**WORK TASK**: Write out the following listing's lines from the one with "- Trípode/Monópode Fácilmente" to the one with "yüklenmiş) (6.5ml kapasiteli)", exactly, with both included and no others.

BEGIN INPUT MATERIAL

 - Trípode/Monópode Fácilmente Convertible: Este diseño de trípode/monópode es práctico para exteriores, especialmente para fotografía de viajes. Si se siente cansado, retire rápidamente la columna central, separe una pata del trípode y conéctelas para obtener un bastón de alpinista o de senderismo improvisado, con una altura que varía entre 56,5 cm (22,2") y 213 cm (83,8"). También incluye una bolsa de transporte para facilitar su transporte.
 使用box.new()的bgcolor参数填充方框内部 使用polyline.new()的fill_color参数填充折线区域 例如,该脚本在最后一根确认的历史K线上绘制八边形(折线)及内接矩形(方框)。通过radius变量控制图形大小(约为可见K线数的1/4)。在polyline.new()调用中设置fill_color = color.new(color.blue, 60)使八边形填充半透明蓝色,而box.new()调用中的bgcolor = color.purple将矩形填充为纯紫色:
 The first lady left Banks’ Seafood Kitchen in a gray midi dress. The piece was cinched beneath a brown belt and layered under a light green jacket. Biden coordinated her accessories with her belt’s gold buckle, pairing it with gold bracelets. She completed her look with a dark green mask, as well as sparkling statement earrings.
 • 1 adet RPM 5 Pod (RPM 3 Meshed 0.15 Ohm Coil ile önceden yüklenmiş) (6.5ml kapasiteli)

END INPUT MATERIAL
BEGIN INPUT MATERIAL

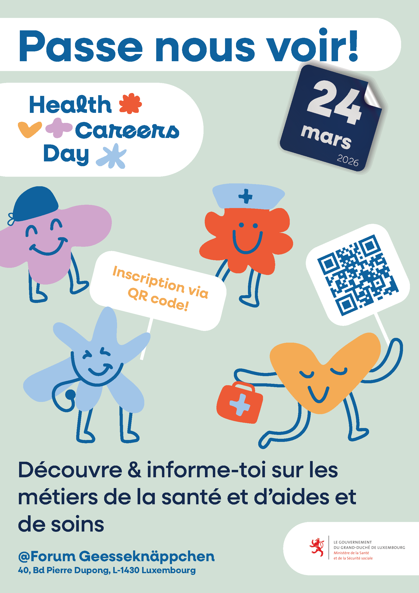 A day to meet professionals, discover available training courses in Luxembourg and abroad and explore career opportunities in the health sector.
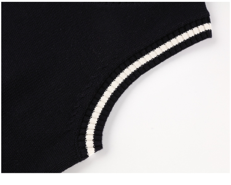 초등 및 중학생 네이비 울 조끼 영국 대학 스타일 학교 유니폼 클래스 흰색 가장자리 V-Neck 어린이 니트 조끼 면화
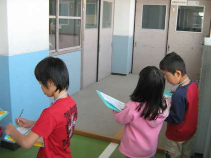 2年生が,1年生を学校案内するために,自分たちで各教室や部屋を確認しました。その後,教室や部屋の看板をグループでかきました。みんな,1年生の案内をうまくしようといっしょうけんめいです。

END INPUT MATERIAL

**ANSWER TO THIS TASK**:
 - Trípode/Monópode Fácilmente Convertible: Este diseño de trípode/monópode es práctico para exteriores, especialmente para fotografía de viajes. Si se siente cansado, retire rápidamente la columna central, separe una pata del trípode y conéctelas para obtener un bastón de alpinista o de senderismo improvisado, con una altura que varía entre 56,5 cm (22,2") y 213 cm (83,8"). También incluye una bolsa de transporte para facilitar su transporte.
 使用box.new()的bgcolor参数填充方框内部 使用polyline.new()的fill_color参数填充折线区域 例如,该脚本在最后一根确认的历史K线上绘制八边形(折线)及内接矩形(方框)。通过radius变量控制图形大小(约为可见K线数的1/4)。在polyline.new()调用中设置fill_color = color.new(color.blue, 60)使八边形填充半透明蓝色,而box.new()调用中的bgcolor = color.purple将矩形填充为纯紫色:
 The first lady left Banks’ Seafood Kitchen in a gray midi dress. The piece was cinched beneath a brown belt and layered under a light green jacket. Biden coordinated her accessories with her belt’s gold buckle, pairing it with gold bracelets. She completed her look with a dark green mask, as well as sparkling statement earrings.
 • 1 adet RPM 5 Pod (RPM 3 Meshed 0.15 Ohm Coil ile önceden yüklenmiş) (6.5ml kapasiteli)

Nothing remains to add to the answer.